Each record should be given again exactly as it appears, with no image included.

———

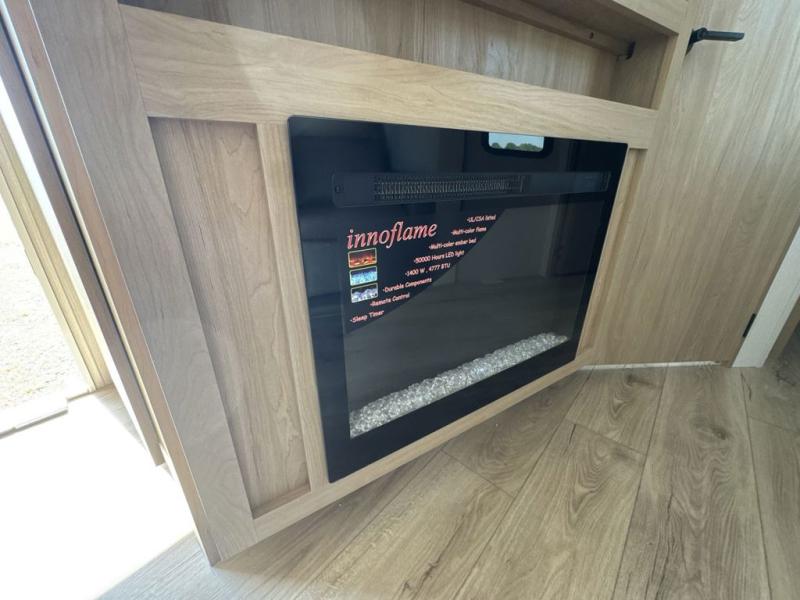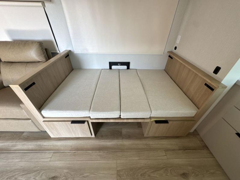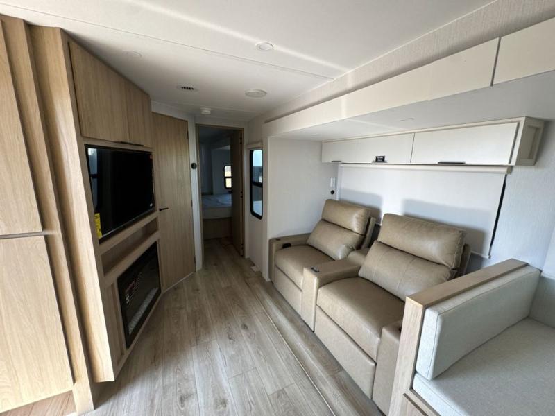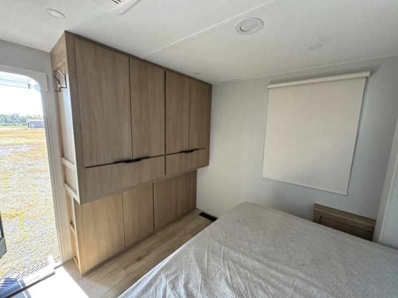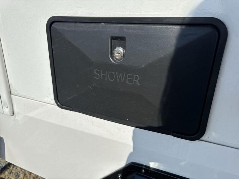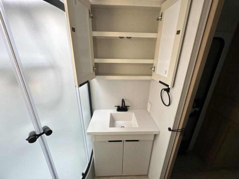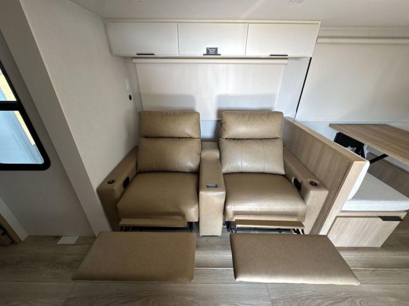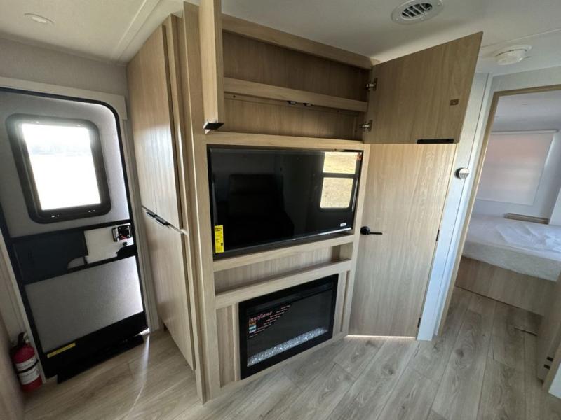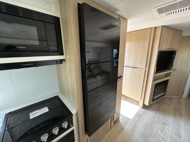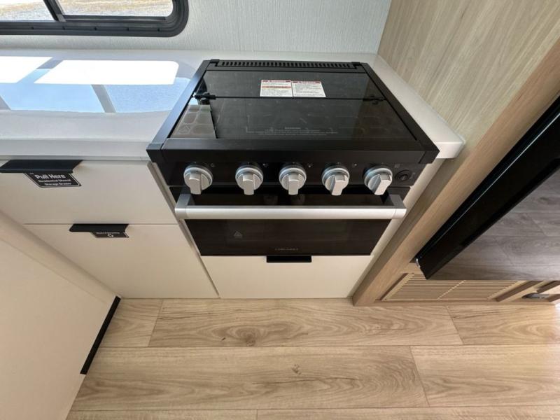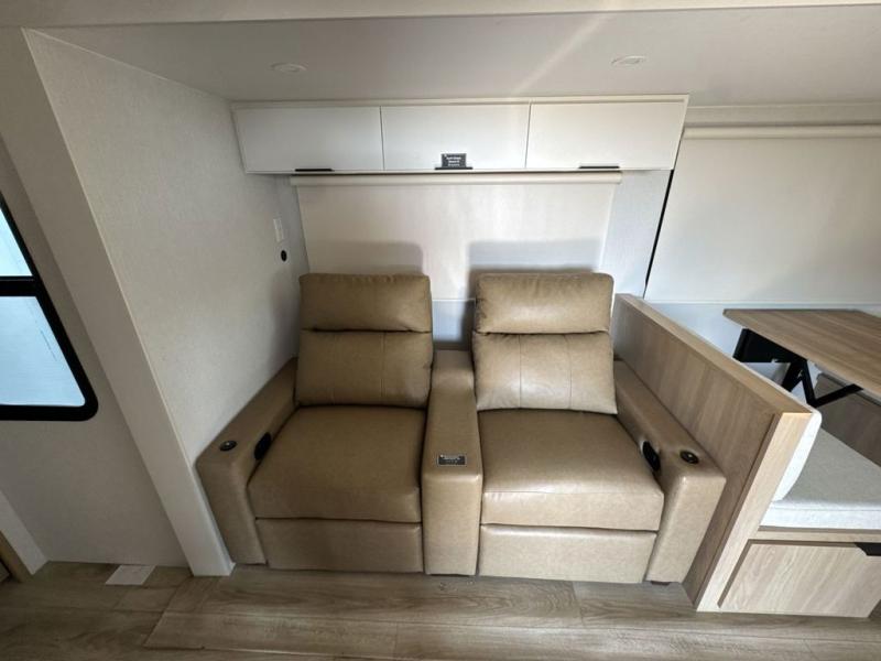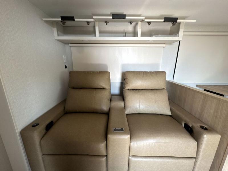 Have everything you need in a compact and well equipped travel trailer. After entering the travel trailer you will find neat places and storage. There is a galley kitchen with molded fiberglass countertops providing unmatched durability. When wanting a perfect place to relax you can enjoy watching TV in the booth dinette or enjoy movies just like at the theaters in the theater seating. If you want to have your own private space you will love the bedroom that has access to a conveniently placed bathroom with a modern radius shower. The bedroom also has a closet to store all your clothes and keep them wrinkle-free!
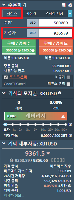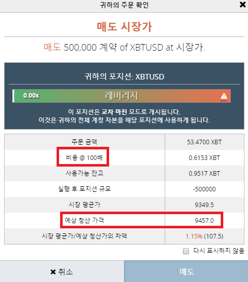 하지만 교차를 체크해서 하게 되면 본인이 가지고 있는 모~든 비트가(사용가능 잔고) 보증금이 된다고 보시면 됩니다.
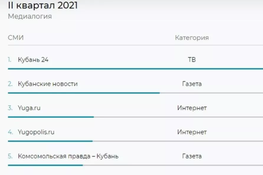 По итогам второго квартала 2021 года лидерами медиарейтинга стала телекомпания «Кубань 24». Второе место досталось газете «Кубанские новости», а на третьей строчке оказался сайт «Юга.ру».
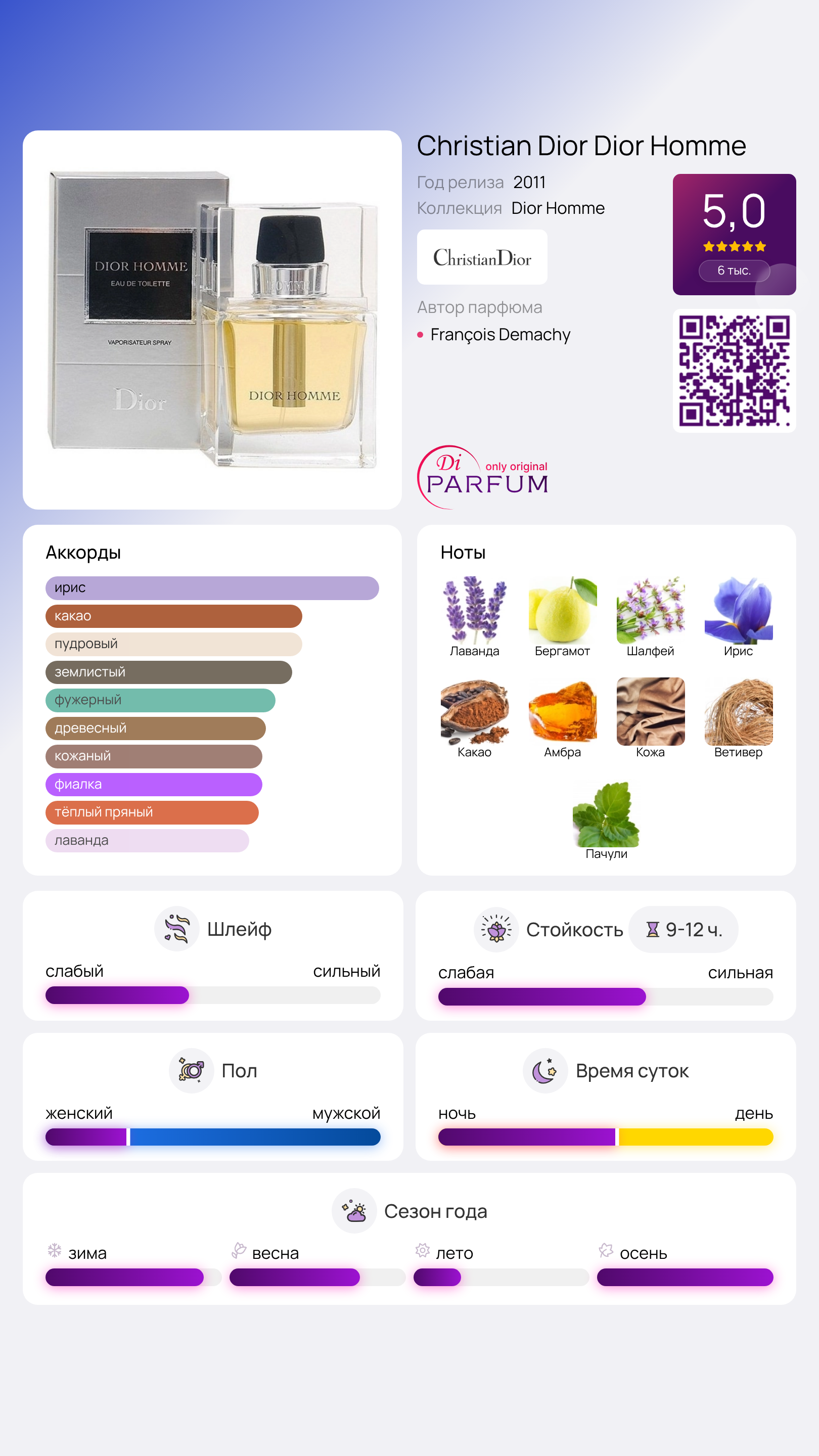 Парфюм Dior Homme от Christian Dior Parfum предназначен для элегантных и самодостаточных мужчин, которые умеют сочетать романтику и мужественность. Он отражает современные тенденции в моде, оставаясь при этом верным классическим стандартам.
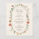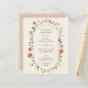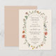 En elegant inbjudningskort för möhippan i vintage boho sommar blommigt som innehåller vildblommor med vattenfärg och grönska med en bågform inslag som lyfter fram detaljerna i möhippan.
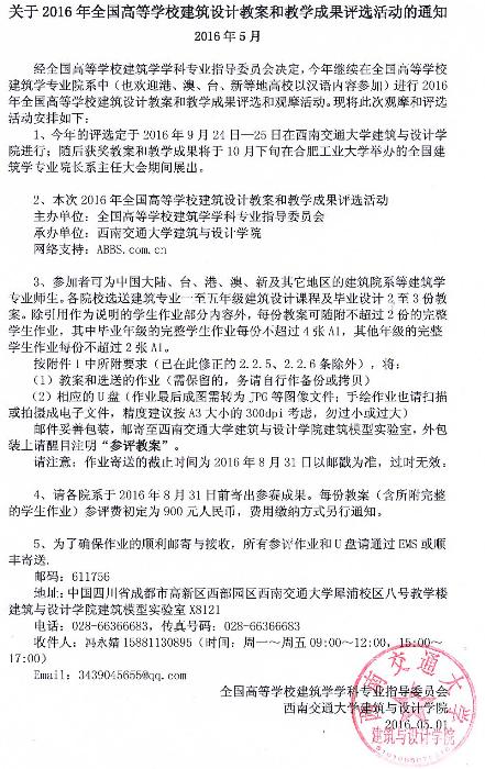【评选通知】关于开展2016年全国高等公司建筑设计教案和教学成果评选活动的通知
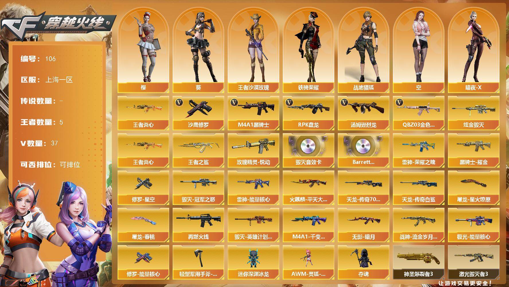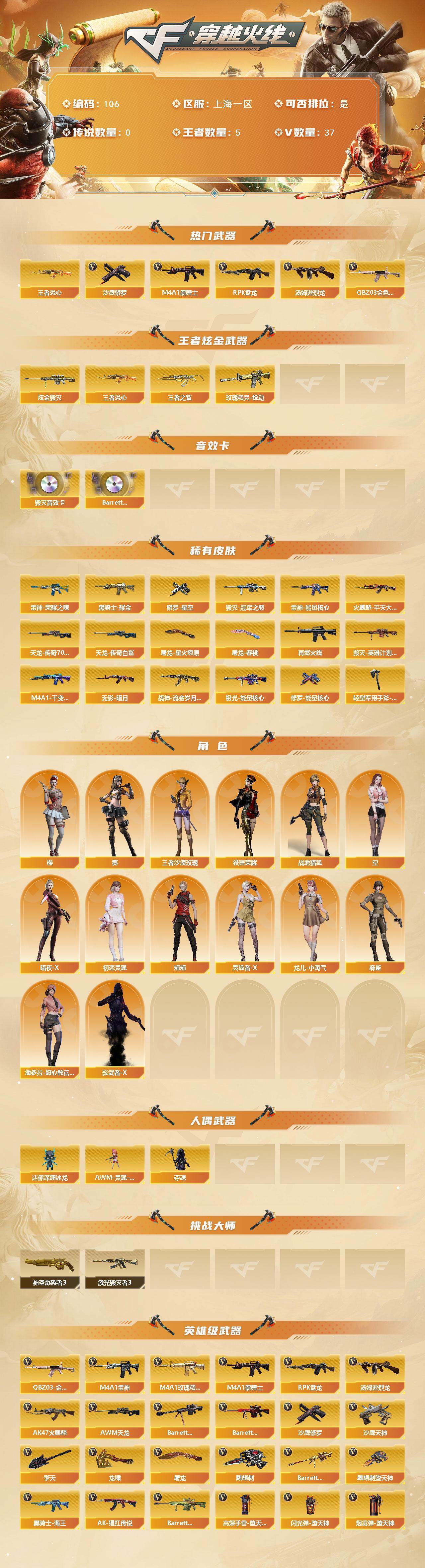 [13775911]上海一区-37V-5王者-1炫金 【热门武器】:QBZ03-金色蔷薇,王者炎心,M4A1-黑骑士,汤姆逊-烈龙*2,RPK-盘龙,沙鹰-修罗 【王者炫金武器】:王者炎心,王者之鲨,玫瑰精灵-悦动,炫金毁灭 【音效卡】:Barrett-毁灭音效卡,Barrett-碧霄极光音效卡 【皮肤】:雷神-能量核心,雷神-荣耀之魄,M4A1-再燃火线,火麒麟-平天大圣,毁灭-冠军之怒,毁灭-英雄计划 皮肤,M4A1-千变-孔明皮肤,黑骑士耀金皮肤,无影-暗月,战神-流金岁月皮肤*3,AWM-天龙-传奇70KG,AWM-天龙-传奇白鲨,极光-能量核心,修罗-能量核心,修罗-星空,屠龙-星火燎原,屠龙-春桃 皮肤,轻型军用手斧-再燃火线 【角色】:葵,樱,战地猎狐,王者沙漠玫瑰,空,暗夜-X,初恋灵狐,娟娟,灵狐者-X,龙儿-小淘气,麻雀,潘多拉-甜心教官,铁骑荣耀,影武者-X 【人偶武器】:AWM-灵狐-15周年嘉年华,迷你深渊冰龙,夺魂 【挑战大师】:神圣爆裂者III,激光毁灭者III 【英雄级武器】:AK47-火麒麟,M4A1-雷神,M4A1-黑骑士,M4A1-玫瑰精灵,QBZ03-金色蔷薇,AK-47-猩红传说*4,黑骑士-海王,AWM-天龙,Barrett-毁灭,Barrett-极光,Barrett-朱雀,RPK-盘龙,汤姆逊-烈龙*2,沙鹰-修罗,沙鹰-天神,屠龙*2,龙啸,麒麟刺-堕天神*2,擎天,麒麟刺,高爆手雷-堕天神,闪光弹-堕天神,烟雾弹-堕天神,Barrett-碧霄极光 【道具】:云山科技背包,战舰背包,炫彩背包,背包-洛丽塔,超级背包,女皇终结者-魔龙之吻,救世主-黑桃战神,绿色巨人,灵魂忍者,迷雾幽灵,生化弹匣,夺命之镰,防化服*3,金色流光-枪王排位,星辰流光-枪王排位,流光-鎏金之域,枪王排位28赛季金色流光,枪王排位29赛季金色流光,萌萌小葵表情,电玩兔兔表情,防弹头盔*6,防弹衣*5,C4工具钳*4,手雷包*4 【特殊枪械】:1黑骑士,2烈龙,1盘龙

———

Task answer:
 Have everything you need in a compact and well equipped travel trailer. After entering the travel trailer you will find neat places and storage. There is a galley kitchen with molded fiberglass countertops providing unmatched durability. When wanting a perfect place to relax you can enjoy watching TV in the booth dinette or enjoy movies just like at the theaters in the theater seating. If you want to have your own private space you will love the bedroom that has access to a conveniently placed bathroom with a modern radius shower. The bedroom also has a closet to store all your clothes and keep them wrinkle-free!
 하지만 교차를 체크해서 하게 되면 본인이 가지고 있는 모~든 비트가(사용가능 잔고) 보증금이 된다고 보시면 됩니다.
 По итогам второго квартала 2021 года лидерами медиарейтинга стала телекомпания «Кубань 24». Второе место досталось газете «Кубанские новости», а на третьей строчке оказался сайт «Юга.ру».
 Парфюм Dior Homme от Christian Dior Parfum предназначен для элегантных и самодостаточных мужчин, которые умеют сочетать романтику и мужественность. Он отражает современные тенденции в моде, оставаясь при этом верным классическим стандартам.
 En elegant inbjudningskort för möhippan i vintage boho sommar blommigt som innehåller vildblommor med vattenfärg och grönska med en bågform inslag som lyfter fram detaljerna i möhippan.
【评选通知】关于开展2016年全国高等公司建筑设计教案和教学成果评选活动的通知
 [13775911]上海一区-37V-5王者-1炫金 【热门武器】:QBZ03-金色蔷薇,王者炎心,M4A1-黑骑士,汤姆逊-烈龙*2,RPK-盘龙,沙鹰-修罗 【王者炫金武器】:王者炎心,王者之鲨,玫瑰精灵-悦动,炫金毁灭 【音效卡】:Barrett-毁灭音效卡,Barrett-碧霄极光音效卡 【皮肤】:雷神-能量核心,雷神-荣耀之魄,M4A1-再燃火线,火麒麟-平天大圣,毁灭-冠军之怒,毁灭-英雄计划 皮肤,M4A1-千变-孔明皮肤,黑骑士耀金皮肤,无影-暗月,战神-流金岁月皮肤*3,AWM-天龙-传奇70KG,AWM-天龙-传奇白鲨,极光-能量核心,修罗-能量核心,修罗-星空,屠龙-星火燎原,屠龙-春桃 皮肤,轻型军用手斧-再燃火线 【角色】:葵,樱,战地猎狐,王者沙漠玫瑰,空,暗夜-X,初恋灵狐,娟娟,灵狐者-X,龙儿-小淘气,麻雀,潘多拉-甜心教官,铁骑荣耀,影武者-X 【人偶武器】:AWM-灵狐-15周年嘉年华,迷你深渊冰龙,夺魂 【挑战大师】:神圣爆裂者III,激光毁灭者III 【英雄级武器】:AK47-火麒麟,M4A1-雷神,M4A1-黑骑士,M4A1-玫瑰精灵,QBZ03-金色蔷薇,AK-47-猩红传说*4,黑骑士-海王,AWM-天龙,Barrett-毁灭,Barrett-极光,Barrett-朱雀,RPK-盘龙,汤姆逊-烈龙*2,沙鹰-修罗,沙鹰-天神,屠龙*2,龙啸,麒麟刺-堕天神*2,擎天,麒麟刺,高爆手雷-堕天神,闪光弹-堕天神,烟雾弹-堕天神,Barrett-碧霄极光 【道具】:云山科技背包,战舰背包,炫彩背包,背包-洛丽塔,超级背包,女皇终结者-魔龙之吻,救世主-黑桃战神,绿色巨人,灵魂忍者,迷雾幽灵,生化弹匣,夺命之镰,防化服*3,金色流光-枪王排位,星辰流光-枪王排位,流光-鎏金之域,枪王排位28赛季金色流光,枪王排位29赛季金色流光,萌萌小葵表情,电玩兔兔表情,防弹头盔*6,防弹衣*5,C4工具钳*4,手雷包*4 【特殊枪械】:1黑骑士,2烈龙,1盘龙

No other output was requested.